Binlerce kilometre aşarak geldikleri Avrupa’da göçmenleri büyük hayal kırıklıkları bekliyor. Yunanistan’a ulaşmak için kaçakçılara önemli miktarda para ödeyen göçmenler, ekonomik ve sosyal krizin pençesindeki ülkede, ne barınabiliyor ne de iş bulabiliyor. Avrupa’ya ‘kapak atıp’ yeni bir hayat kurma hayaliyle ölüm yollarından geçenler, şimdilerde pişman halde ülkelerine dönmek istiyor. Ancak çoğunun dönüş için bile parası yok.

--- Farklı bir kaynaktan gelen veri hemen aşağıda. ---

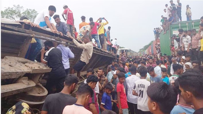 ঘটনাস্থলে থাকা ভৈরব রেলওয়ে থানার এস আই মির্জা মো. মুক্তা বলেন, দুর্ঘটনায় উল্টে যাওয়া বগিগুলোর নিচে কেউ চাপা পড়ে আছে কি না, তা দেখছেন উদ্ধারকর্মীরা। বিপুল সংখ্যক উৎসুক জনতা ভিড় করে আছেন সেখানে।
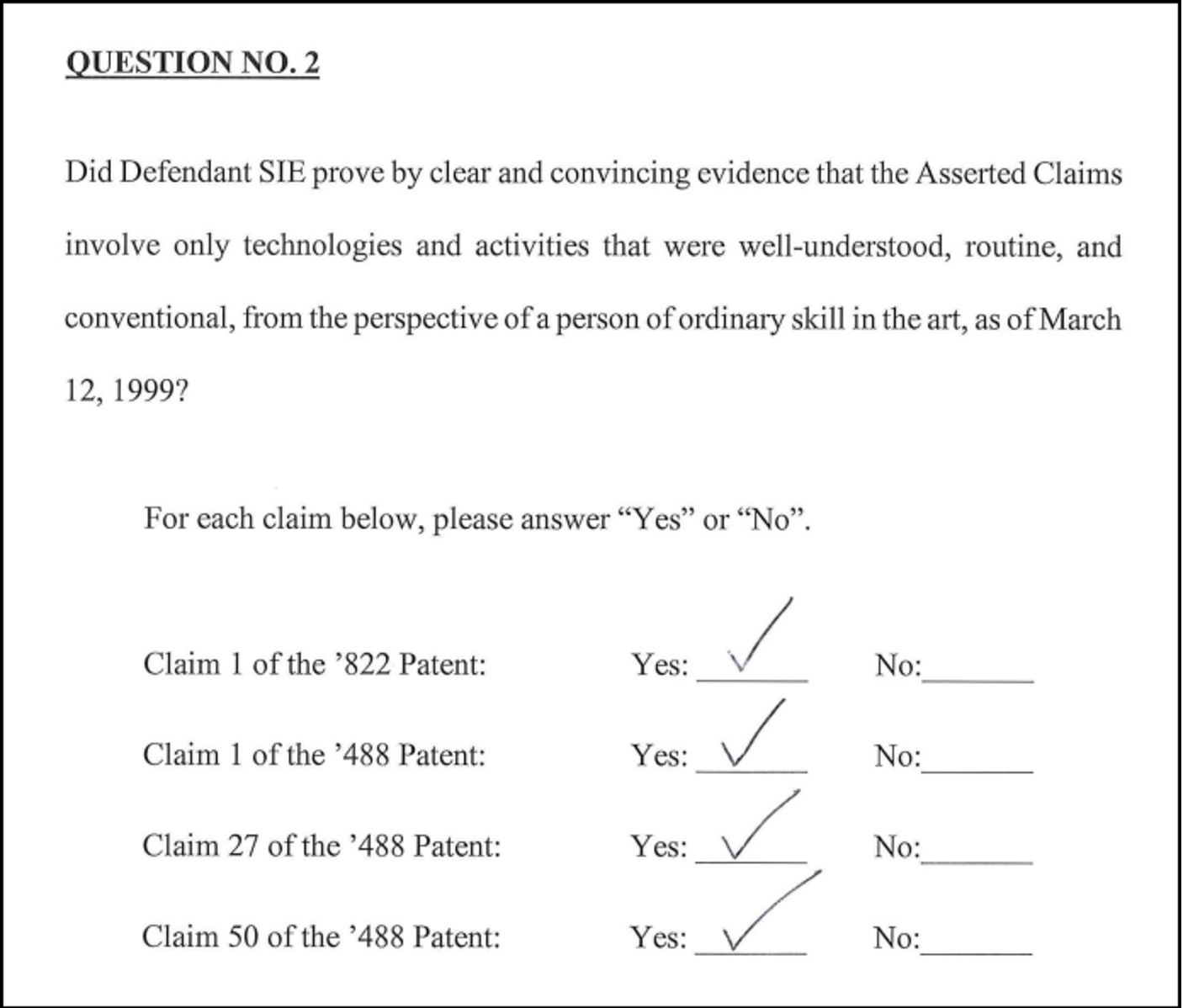 The jury found that all seven claims were not patent-eligible under Step Two. Dkt. 165 (Sept. 12, 2024). Judge Gilstrap’s final judgment found that the claims were invalid as being directed to patent-ineligible subject matter. Dkt. 179 (Sept. 13, 2019).

Bazı göçmenler Atina’da birkaç ay daha kalarak şansını sürdürmek için izin belgesi kuyruğunda. Bazıları ise artık umutlarını yitirmiş ve 180 ülkede göçmenlerin dönmesine yardım eden Uluslararası Göç Örgütü’nün (IOM) vereceği bilet parası için sıra bekliyor. Yunanistan’da son 3-4 senedir yaşanan ekonomik kriz ve ırkçı Altın Şafak örgütünün göçmenlere yönelik düşmanca tavrı mülteciler için hayatı daha da çekilmez hale getirmiş. 2009’dan beri 18 bin 183 göçmen kendi isteğiyle ülkesine dönme başvurusu yapmış. Güvenlik soruşturmaları sonuçlanan ve ülkelerinin kabul ettiği 12 bin mülteci memleketlerine dönmüş.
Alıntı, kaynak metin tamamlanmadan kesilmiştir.